Is it better to set batch size as a integer power of 2 for torch.utils.data.DataLoader

Hi, guys,
I have heard that it would be better to set batch size as a integer power of 2 for torch.utils.data.DataLoader, and I want to assure whether that is true.

Any answer or idea will be appreciated!

Powers of two might be more “friendly” regarding the input shape to specific kernels and could perform better than other shapes (internally padding could be used, if it could yield an overall speedup).
However, it depends on your actual model, input shapes, etc. so you could profile different shapes and check for performance cliffs.

Hi,
specifically, for resnet, is the “kernel” mentioned denote the kernel_size in torch.nn.Conv2d?

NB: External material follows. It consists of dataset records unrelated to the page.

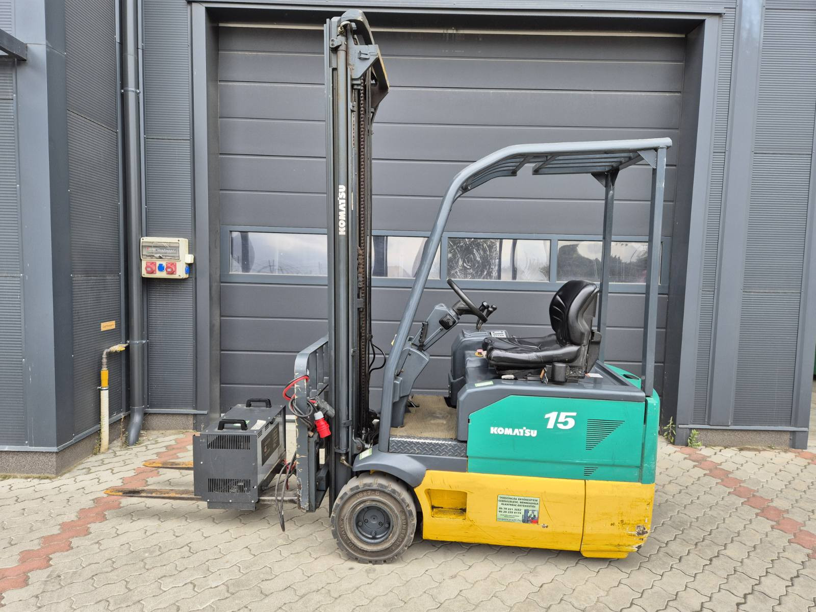 Eladó Komatsu FB15MG-2R típusú elektromos homlokvillás targonca, 1,5 t teherbírás, 6,4 m emelési magasság, 2,2 m szabademeléssel, 48V/650Ah Hawker akkumulátorral. töltővel, 2674 üzemórával, oldalmozgatóval, kitűnő állapotban. (17)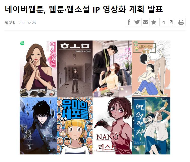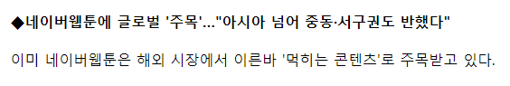 어쨌든 그만큼 네이버 웹툰이 가지고 있는 잠재력은 무궁무진하다고 생각합니다.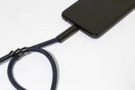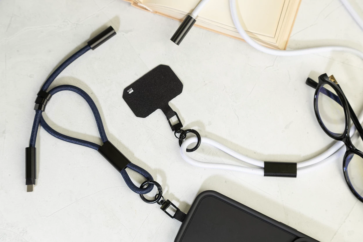 Opaska na nadgarstek z uchwytem na telefon RPET, karabińczykiem i zintegrowanym kablem ładującym USB-C do USB-C z ukrytymi złączami. Obsługuje szybkie ładowanie PD 60 W i przesyłanie danych.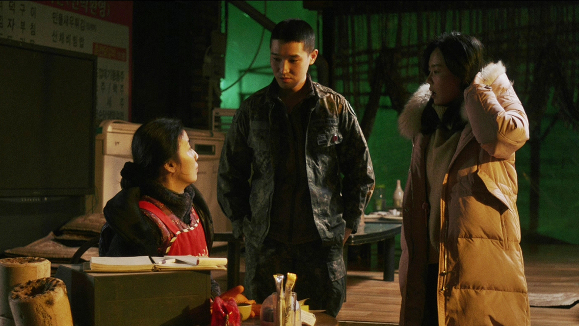 영화 <겨울밤에>는 보면 볼수록 감탄하게 되는 놀라운 구조로 이루어져있다. 공간은 택시 씬을 제외하고는 청평사 인근을 벗어나지 않는다. 민박집과 폭포, 그리고 법당 등을 배경으로 인물들이 교차한다. 탁월한 것은 시간적 배열이다. 영화는 은주와 흥주의 이야기를 하다가, 어느새 은주의 발길로, 흥주의 기억으로 들어간다. 그 사이에 끼어드는 젊은 연인들의 이야기는 묘한 착각을 불러일으킨다. 저들이 이들의 과거일지 모른다고. 저들이 기억하고 싶은 첫사랑의 순간일지 모른다고. 폭포의 살얼음판에서 이뤄지는 ‘고함’과 ‘눈물’은 이들의 기이한 인연을 말하는지 모른다. 결국, 찾고자 하는 핸드폰은 이야기에서 사라진다. 애당초 찾고자 한 것은 30년 전의 기억과 추억인지 모른다.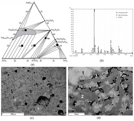 (a) Position of the “Nd” sample, (b) its X-ray diffraction pattern, and (c,d) SEM/EDS images: 1—pyrochlore, 2—zirconolite, 3—rutile (black) with fine pyrochlore inclusions. The scale bars on the SEM images are (c) 500 and (d) 50 µm. Markers on the XRD pattern show the peak positions only. The high-resolution diffraction pattern is given in Appendix B.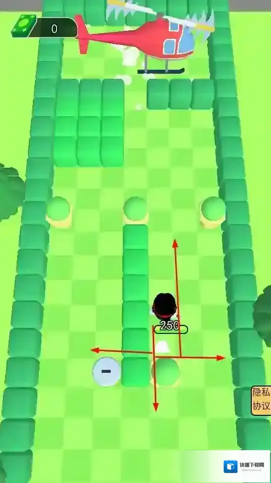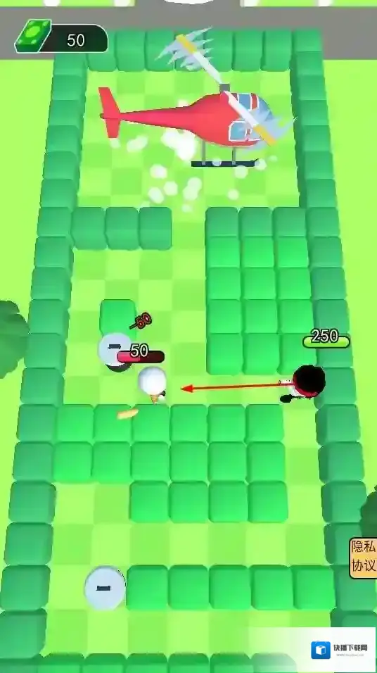 2、游戏设有关卡,玩家操控角色在绿色方块组成的迷宫场景中前进,与白色敌人战斗,向关卡终点的直升机处推进。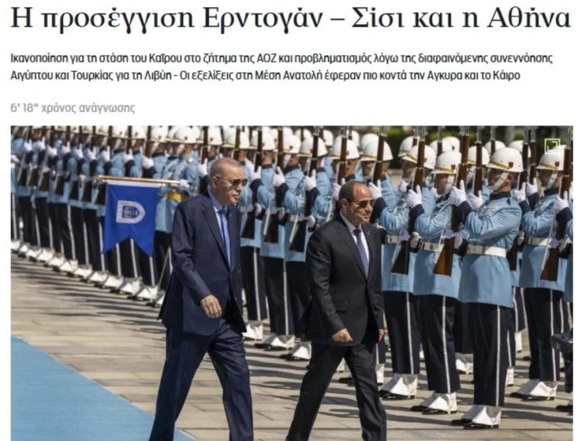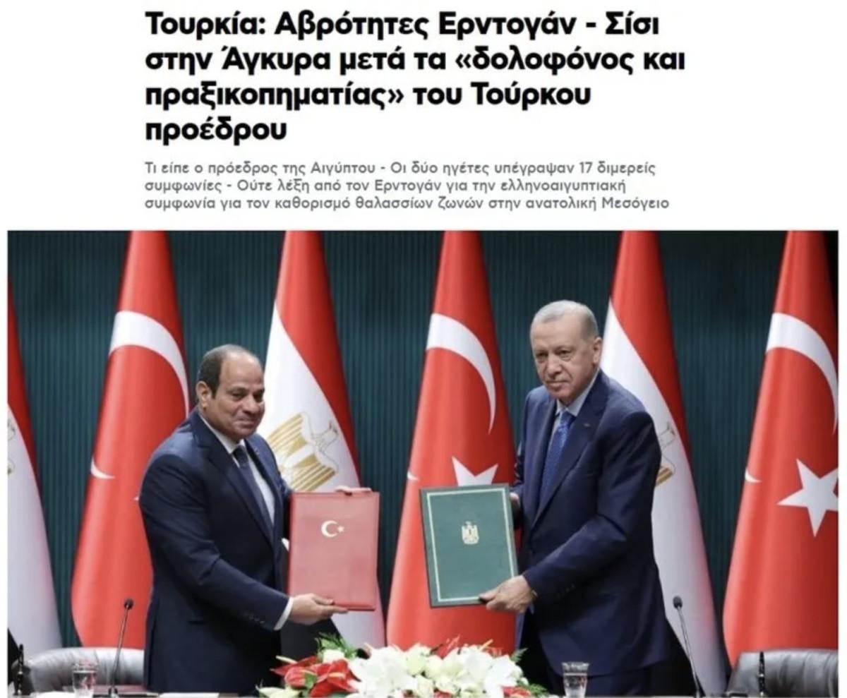 Kathimerini gazetesi, "Erdoğan-Sisi yakınlaşması ve Atina" başlığıyla duyurduğu haberde, Başkan Erdoğan'ın açıklamalarına geniş yer verdi.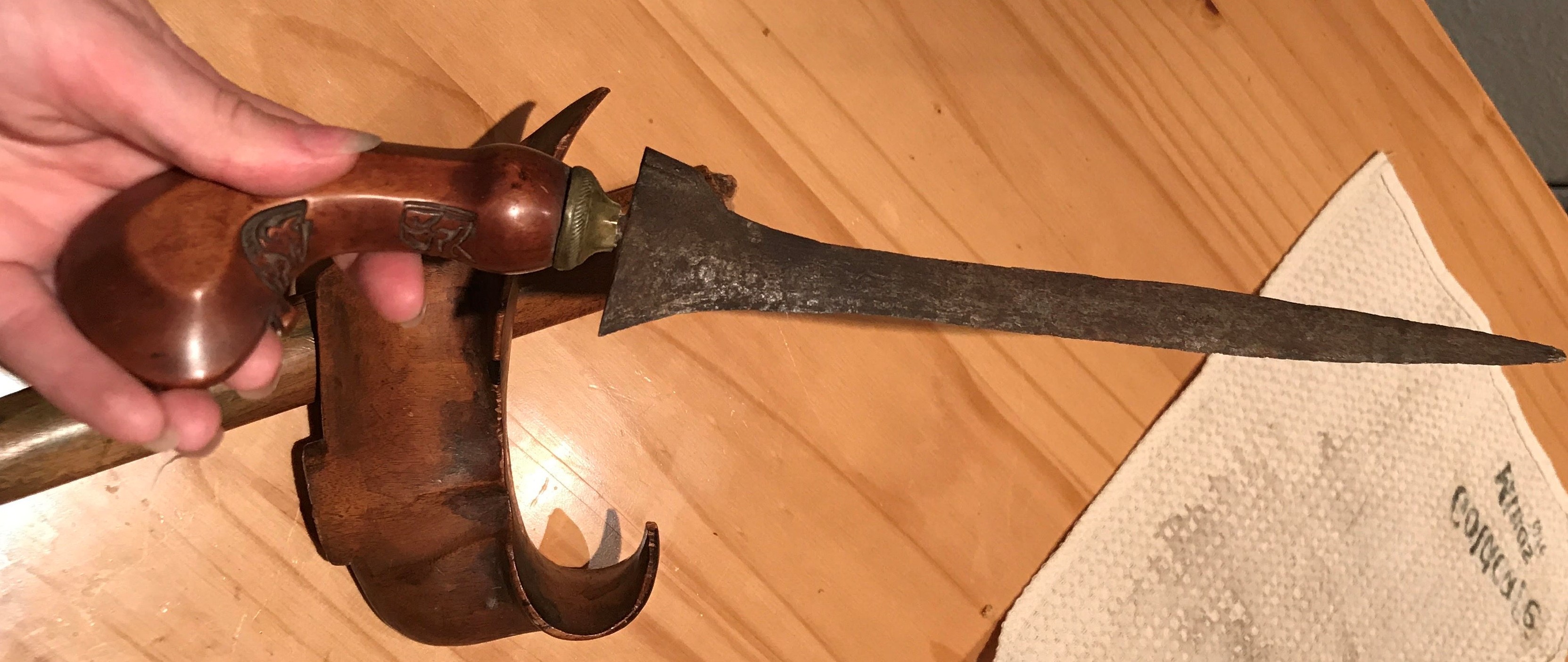 The sword is so rusty that I started to think that my boyfriend might be king Arthur. The sword is probably the one he took out of that famous rock. Nothing wrong with my boyfriend being a hero or a king. It might become a problem only when it makes me feel uncomfortable to fall asleep.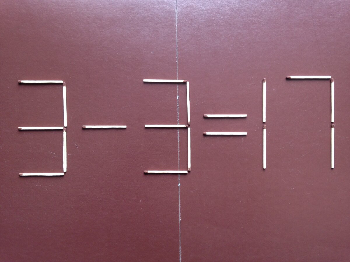 Исправьте неверное равенство 3-3=17 на верное равенство, переложив четыре спички! Задача № 444

Powers of two could be preferred in all dimensions, so number of channels, spatial size etc.
However, as described before, internally padding could be used, so that you wouldn’t hit a performance cliff and should thus profile your workloads.

1 Like

Get it.
It means internally padding is a internal mechanism of PyTorch, so that commonly, it is not that requisite for us to consider setting a 2-power batch size, am I right?

It can be used by cudnn and I don’t think that native PyTorch kernels use it (at least I haven’t seen it, but might be wrong).

OK, thanks sincerely for your answer!